#### [WORK INSTRUCTION]
Beneath this instruction is a listing; print exactly the lines in it starting at the line that contains "Pre- Bonded Keratin" and going through the line that contains "В ячейки в Microsoft".

#### [DATA]
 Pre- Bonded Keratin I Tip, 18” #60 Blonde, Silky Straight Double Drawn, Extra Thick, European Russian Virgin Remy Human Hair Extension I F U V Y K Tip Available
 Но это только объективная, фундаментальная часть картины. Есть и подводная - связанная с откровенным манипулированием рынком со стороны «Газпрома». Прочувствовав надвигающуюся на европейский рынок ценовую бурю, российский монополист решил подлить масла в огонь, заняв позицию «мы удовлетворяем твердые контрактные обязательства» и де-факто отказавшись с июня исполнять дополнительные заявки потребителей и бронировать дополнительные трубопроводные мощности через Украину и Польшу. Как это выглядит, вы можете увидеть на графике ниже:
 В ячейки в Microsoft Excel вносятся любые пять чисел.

* * *

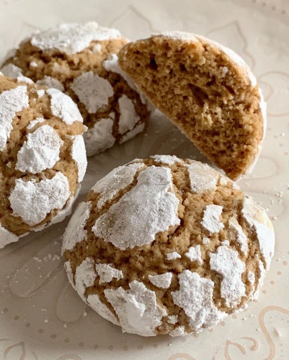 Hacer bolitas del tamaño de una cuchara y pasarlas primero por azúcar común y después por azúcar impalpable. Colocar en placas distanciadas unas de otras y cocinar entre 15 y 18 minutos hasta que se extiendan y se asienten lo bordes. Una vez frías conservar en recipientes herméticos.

#### [EXERCISE OUTPUT]
 Pre- Bonded Keratin I Tip, 18” #60 Blonde, Silky Straight Double Drawn, Extra Thick, European Russian Virgin Remy Human Hair Extension I F U V Y K Tip Available
 Но это только объективная, фундаментальная часть картины. Есть и подводная - связанная с откровенным манипулированием рынком со стороны «Газпрома». Прочувствовав надвигающуюся на европейский рынок ценовую бурю, российский монополист решил подлить масла в огонь, заняв позицию «мы удовлетворяем твердые контрактные обязательства» и де-факто отказавшись с июня исполнять дополнительные заявки потребителей и бронировать дополнительные трубопроводные мощности через Украину и Польшу. Как это выглядит, вы можете увидеть на графике ниже:
 В ячейки в Microsoft Excel вносятся любые пять чисел.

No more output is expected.